I felt like I couldn’t control it. And, if I tried, I’d probably die. I tried to stop it with drinking more water than usual and focusing on upping my fruit intake. Yeah, no. Didn’t work.

So I just focused on listening to my body and what it wanted. So basically the past 3-4 days I’ve been eating tuna sandwiches for lunch and red potatoes and eggs for dinner with snacks of hardboiled eggs, salted nuts and half a cup of salt.

I lamented all of this to my sister who just laughed at me because I basically described half of her pregnancies. But, seriously, it’s Thursday and I’m kind of hoping for these cravings to be gone. They haven’t been that intense, but I’m still LOVING my tuna sandwiches. That might never go away actually.

But, everything else — I feel good. My legs were pretty sore yesterday. I tried working out a bit, but the body wasn’t ready. And, I haven’t bothered running this week. I am sweeping The Haunted Half in Provo on Saturday so that’ll be a good reintroduction to cardio for my legs and body.

My race schedule is sloooowing down quite a bit now. After this weekend I’ve got Antelope Island, Thankful 13 and the New Years Run Resolution. I was planning on running the half marathon on Antelope Island next week, but after feeling “good” in my recovery this week — I decided to up my registration to the 50K.

Yup, another ultra.

I can’t really explain to you why — other than why not? I mean, I’m already ultra trained and with the right kind of workouts and runs between now and November 5th I can totally be rested and ready for the 50K. So, I pulled the trigger and upped my race distance.

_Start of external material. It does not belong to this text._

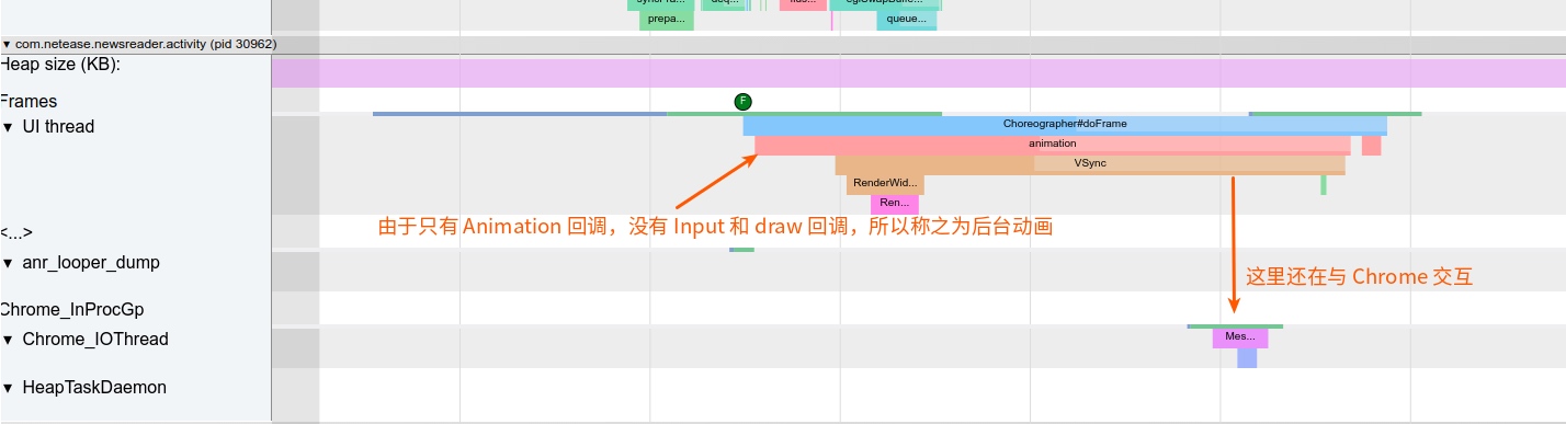 After using NetEase News and returning to the home screen, we captured a Systrace while swiping. Even in the background, the app is consistently firing doFrame operations (see the red box below).

This is the same race I ran last year for my first ultra, so I know what to expect. Plus, I’m more in shape than I was last year so I should be faster. I got pretty close to the cutoff, but this year I’ve got a lot more miles and experience underneath me that it shouldn’t be that big of an issue.

But, I think the thing that is really drawing me to doing the 50K is just being in the moment of doing the race. That was something I was looking forward to during the Pony 50. I didn’t care much to talk about what I was going to do — I just wanted to be in the moment running it. There’s a power in that.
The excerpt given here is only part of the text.